Sorry to hear you're struggling Mollusk, to be honest I think lots of people will be feeling similar anxieties on some level at the moment - even the ones who are gleefully blitzing WhatsApp with memes about getting shitfaced and hitting the clubs. For one, I'd be incredibly surprised if that actually is on the cards by June, but it seems more realistic that even a gradual foray into socialising again over the next few months is going to be a fairly fucking weird and scary adjustment for everyone.
And I think I get what you mean about how this situation has shifted the tone of friendships. In quite a few of my WhatsApp groups at the moment, several times a week someone will invariably drop a generically supportive message - "Another week down!", "We've got this *flexed bicep emoji*", and so on. I don't mean to sound ungrateful because I really do appreciate my friends' efforts to keep everyone afloat, and I know loads of people don't have any kind of support unit, but... at the same time, I'm sort of sick of friendships existing in this brittle limbo where the original points of commonality and shared experiences that they were based on now just feel really upsettingly far away. As you say, I truly miss just chatting about stupid inconsequential bollocks. We're told to not bottle things up when we feel shit and to talk to people, and while I certainly don't disagree in the grand scheme of things, I know that if did that at the moment every time I felt low, by now, I'd just be a constant daily irritating miserable burden on everyone I care about, and I don't want to be that.

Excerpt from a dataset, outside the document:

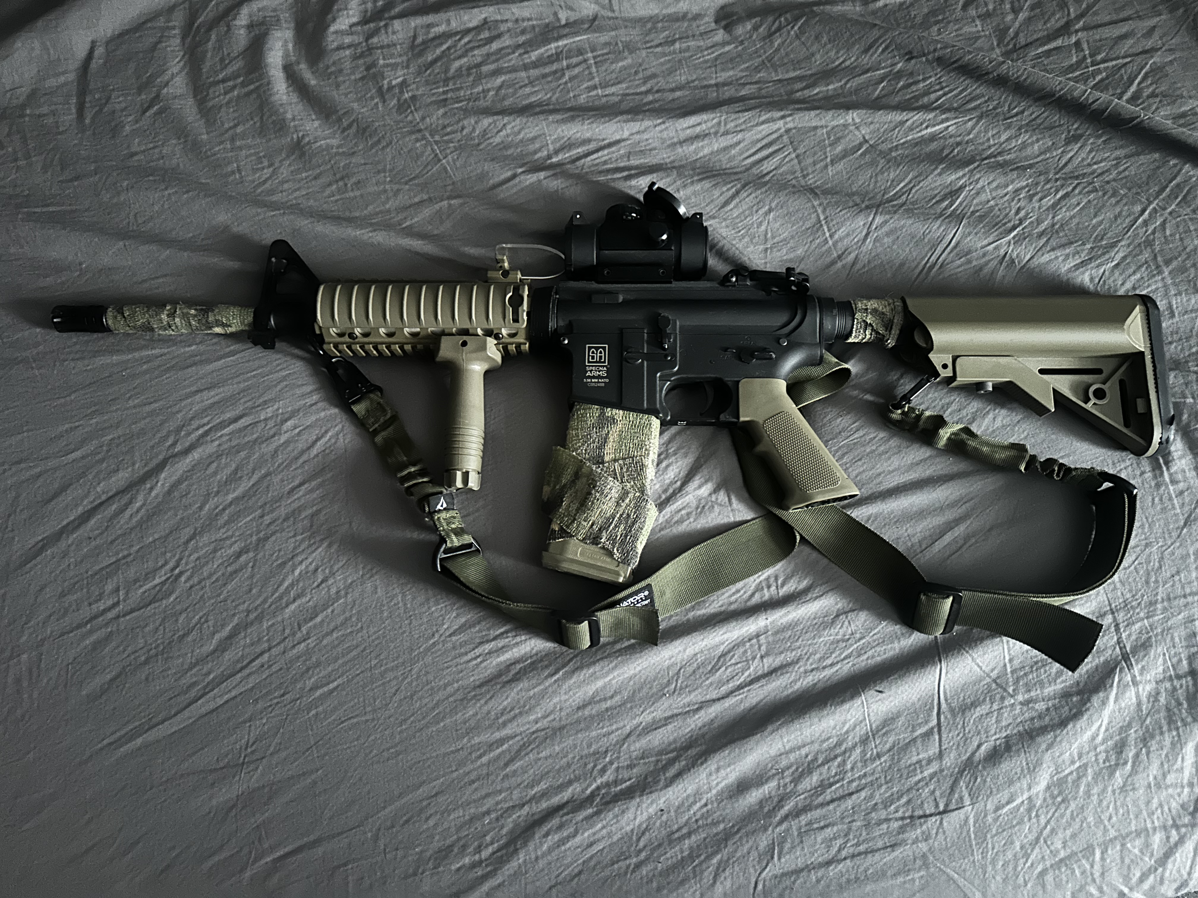 Replika zakupiona w poprzednim roku, w pełni sprawna. Sprzedaje w zestawie wraz z kolimatorem, dorwany gdzieś kiedyś za stówkę. Do tego 1 bateria + Pas dwupunktowy

I'm scared of forgetting how to be/have fun. (Apologies for being an irritating burden on here instead!)
It is a really bizarre, overwhelming and frightening time, for everyone I think, regardless of where they stand on the "wanting to go back to normal" scale. I'm really sorry you're struggling too Glebe, I can imagine this must be an absolutely awful time for anyone who suffers with anxiety and I hope that as you say, the positive bits of news are offering some respite.

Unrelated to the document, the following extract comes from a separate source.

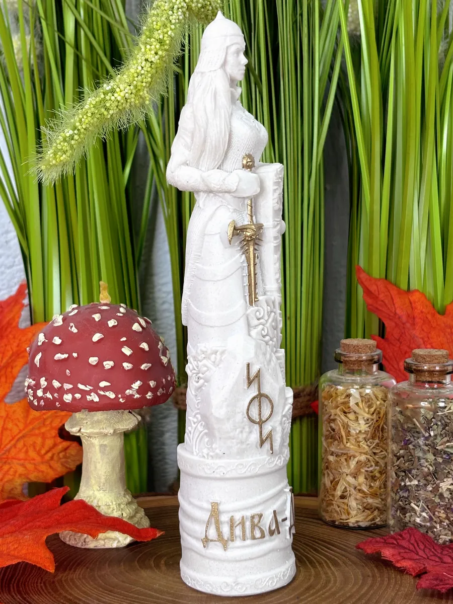 Коллекционная алтарная статуэтка Богиня Дива Додола — это отличный подарок, который станет прекрасным украшением интерьера и мощным оберегом. Изготовленная вручную из литьевого мрамора, статуэтка является символом защиты и благополучия, что делает её идеальным подарком для близких.

The fate of smaller and independent venues (pubs, clubs, theatres, bars) is a real worry for me too and it's one of the things that makes me less sure about actually wanting a return to 'normality' if 'normal' doesn't contain these places. I'm donating to crowdfunders where I'm aware of them/when I remember, and a few places I used to like going to in London (the RVT, the Union Chapel, the Black Heart in Camden) seem to have been pulled back from the brink for the time being but realistically I don't know how long these places can stick it out until they can safely open as before, especially as London rents seem as vicious as ever.